Урон был значительный: больше половины урожая погибло. Только после трех солнечных дней иные колосья на полях начали подниматься. Источник бурлил, цистерна была почти полна, водоем тоже не замедлил наполниться, погода исправилась, не наполнится лишь железная коробка-копилка.
Рейлану не терпелось покончить с жатвой, опостылевшей из-за беспрерывных хождений туда и обратно: ближайшее к ферме поле находилось в получасе пути.
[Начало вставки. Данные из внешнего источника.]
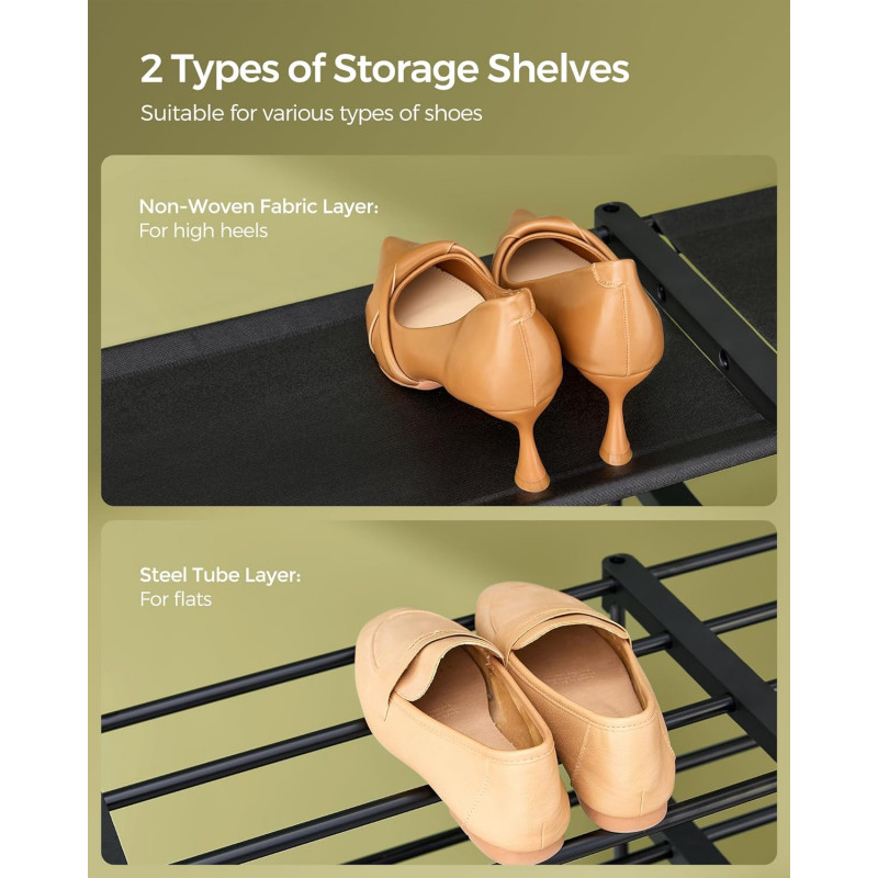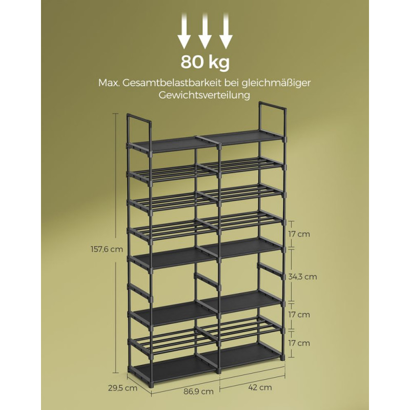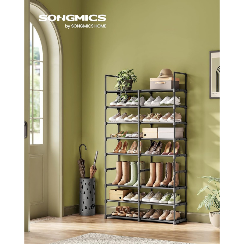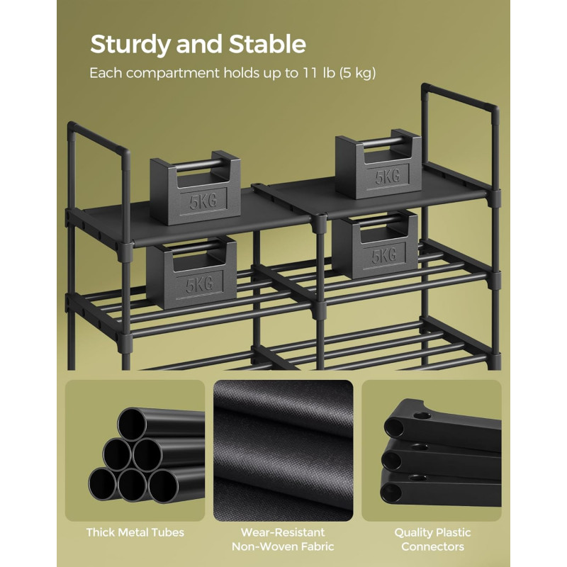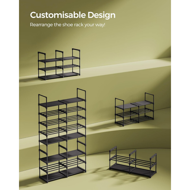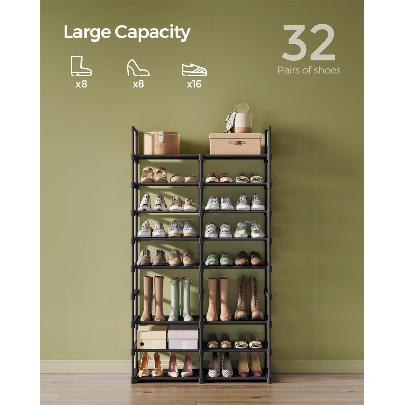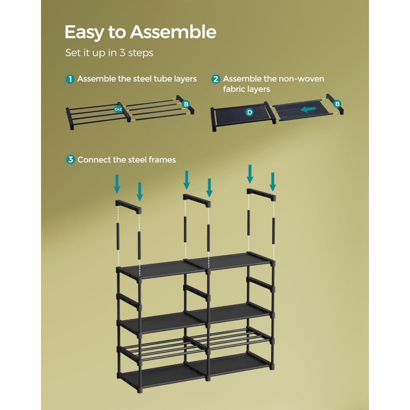 instructiunile pentru a verifica numarul de piese, asigurand cantitatea corecta.In timpul asamblarii, bateti usor conectorii cu ciocanul mic inclus pentru a va asigura ca piesele sunt bine asamblate.Distribuiti sarcina in mod egal pentru a evita orice risc de rasturnare.Va rugam sa nu puneti raftul pentru pantofi intr-un mediu umed pentru o perioada lunga de timp. Design adaptabil Reglati aspectul raftului pentru pantofi pentru a se potrivi cu inaltimea articolelor dvs. Acesta poate fi impartit in 2 sau mai multe rafturi. Personalizati-l pentru a va satisface nevoile personale, fie intr-un dulap, garaj sau debara! Spatios si versatil Acest organizator de pantofi cu 8 niveluri poate gazdui pana la 32 de perechi de pantofi, oferind un spatiu amplu de depozitare. Dincolo de pantofi, acesta poate servi, de asemenea, ca un raft de depozitare convenabil pentru cutii si pungi, sporind functionalitatea sa generala Robust si stabil Construit cu tuburi de otel de inalta calitate si tesatura rezistenta la uzura, acest suport durabil pentru pantofi suporta pana la 5 kg pe compartiment. Kitul anti-basculare inclus asigura ca raftul ramane stabil si previne clatinarea 2 tipuri de rafturi de depozitare Acest raft pentru depozitarea pantofilor are straturi de tesatura netesuta pentru pantofi cu toc inalt si genti si straturi de tuburi de otel pentru pantofi plati si cutii. Fiecare articol isi va gasi locul pe acest raft versatil! Usor de asamblat Fara suruburi! Cu designul sau simplu si

Когда-нибудь все это изменится.
А пока надо было хоронить старуху, мастерить гроб, копать могилу, за кладбищем, которое было уже переполнено, позвать доктора Стефана, чтобы он подписал «свидетельство о смерти».
— Это часто случается в конце лета, — заявил доктор, составляя разрешение на похороны; едва он отодвинул от себя бумажку на клеенке стола, как с удивлением обнаружил, что тотчас все устремились в спальню, куда перенесли покойницу, чтобы люди не судачили о чердаке. Впрочем, все — это громко сказано, их было всего трое: муж, жена и тесть. Младший братец ограничился телеграммой: «Задержан обилием работы. Сердцем с вами. Подробности письмом. Жозеф-Самюэль Рейлан». Так он подписывался в торжественных случаях.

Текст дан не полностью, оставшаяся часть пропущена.